Anayasa'nın bu kuralına göre, Anayasa Mahkemesi'nce iptal edilerek
Anayasa'ya aykırılığı belirlenen bir hükümle aynı ya da özdeş nitelikte olan
bir başka kuralın yasalaştırılarak Anayasa Mahkemesi kararının etkisiz duruma
düşürülmesi, kuşkusuz, Anayasa'nın 153. maddesinin ağır ihlâli anlamına gelir.
Anayasa Mahkemesi, 7.3.1989 günlü kararıyla Yükseköğretim
Yasası'na eklenen "Ek Madde 16"yı bu maddenin içerdiği, özellikle,
"Dini inanç sebebiyle boyun ve saçların örtü ve türbanla kapatılması
serbesttir." kuralını Anayasa'ya aykırı bularak iptal etmiştir.
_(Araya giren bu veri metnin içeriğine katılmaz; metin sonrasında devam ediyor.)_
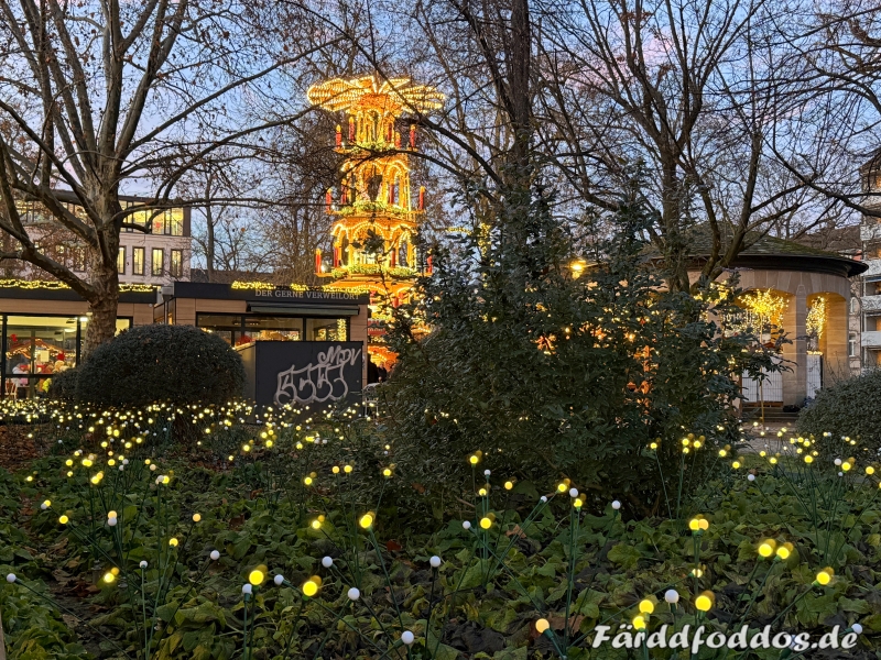 Die Adenaueranlage im diesjährigen Weihnachtsglanz. Und auch an die Beete wurde gedacht.
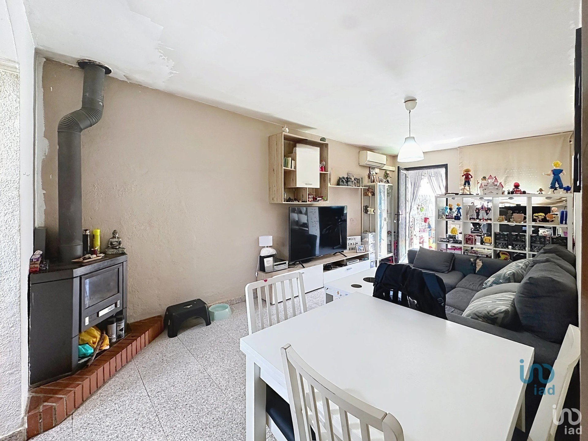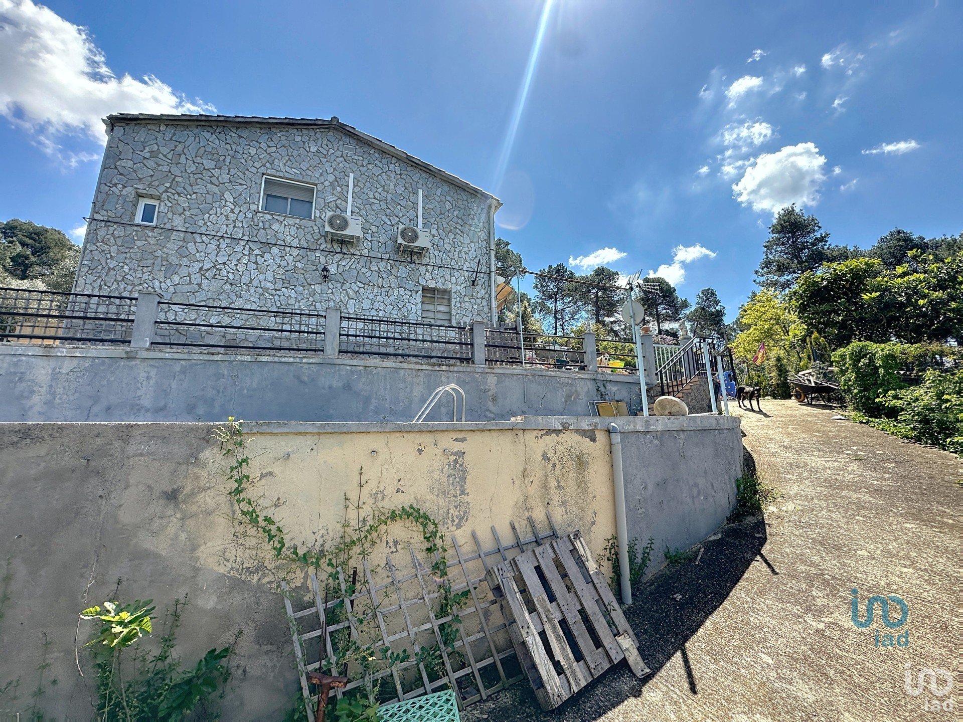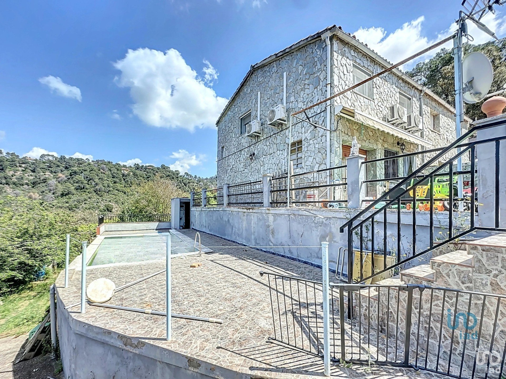 Dispone de aire acondicionado con bomba de frío/calor, chimenea, suelos de gres y ventanas de aluminio con doble acristalamiento. La vivienda cuenta también con descalcificador, cocina con gas butano y piscina con bomba instalada hace cinco años.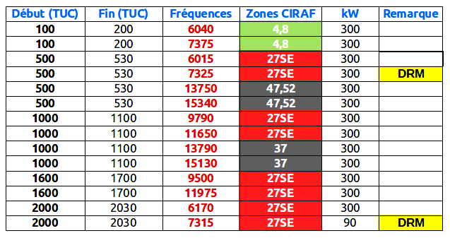 Le Radio Club du Perche a regroupé les informations fournies sur la page Horaires et Fréquences dans un tableau complété ci-dessous avec la liste des zones CIRAF concernées :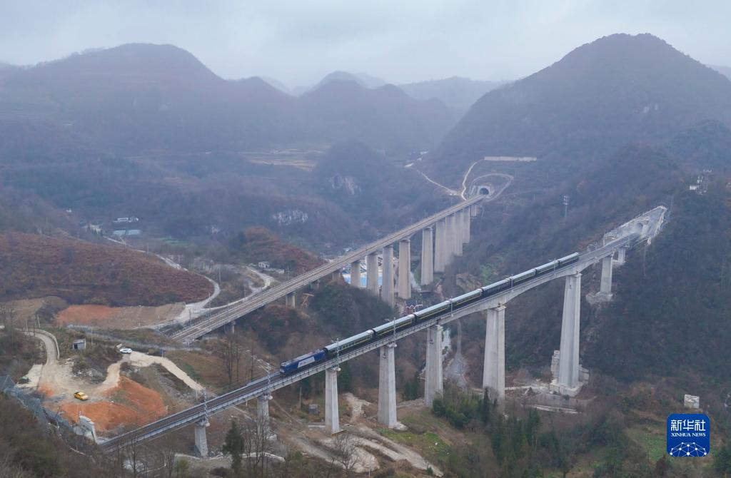 12月21日,K9391/9394次列車經過位於畢節市七星關區的小河特大橋(無人機照片)。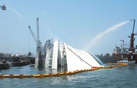 30日凌晨零時許,船體又見火舌,黑夜中大火吞噬船只,郵輪傾斜漸趨嚴(yán)重,凌晨4時30分左右燒得焦黑的煙囪撞擊在碼頭上,船身呈90度傾斜,右側(cè)整個坐在海床上。

Dava konusu "Ek Madde 17" ise, "Yürürlükteki
Kanunlara aykırı olmamak kaydı ile; Yükseköğretim Kurumlarında kılık ve kıyafet
serbesttir" kuralını öngörmüştür. Bu maddeyle getirilen düzenlemenin, dini
inanç sebebiyle boyun ve saçların örtü ve türbanla kapatılması serbestisini de
içerdiği söylenebilirse, kuşkusuz, "Anayasa'nın 153. maddesine açık bir
aykırılık vardır" denebilecektir. Ancak, bundan önceki bölümde ayrıntılı
biçimde belirtildiği gibi, maddenin getirdiği serbesti, Yürürlükteki Yasalara
(Anayasa da bir yasa olduğuna göre aynı kapsam içindedir) aykırı olmamak
koşuluyla sınırlıdır. "Dini inanç sebebiyle boyun ve saçların örtü ve
türbanla kapatılması serbestisi"nin Anayasa Mahkemesi'nin kararıylaAnayasa'ya
aykırılığı belirlendiğinden, "Yürürlükteki Kanunlara aykırı olmamak"
koşulunun araştırılmasında, Anayasa'ya aykırılığın var olup olmadığının
öncelikle saptanması gerekir. Dava konusu maddeyle getirilen serbestinin,
"Dini inanç sebebiyle boyun vesaçların örtü ve türbanla
kapatılmasını" içermediği kabul edilmelidir.
Bu durumda, Anayasa Mahkemesi tarafından iptal edilen Ek 16. Madde
ile dava konusu Ek 17. Madde aynı ya da özdeş nitelikte kurallar değildir.
Anayasa Mahkemesi'nin iptal kararının etkisiz kılındığı savı da bu nedenlerle
yerine bulunmamıştır. Lâiklik konusunda, Anayasa Mahkemesi'nin önceki
bölümlerde sözü edilen kararlarıyla belirlenen ilkeler ve Anayasa'ya uygunluğun
koşulları, geçerliliğini ve Anayasa'nın 153. maddesinin son fıkrasınınöngördüğü
anlamda bağlayıcılığını devam ettirmektedir.
Açıklanan nedenlerle dava konusu kuralın, Anayasa'nın 153.
maddesine aykırı bir yönü bulunmamaktadır.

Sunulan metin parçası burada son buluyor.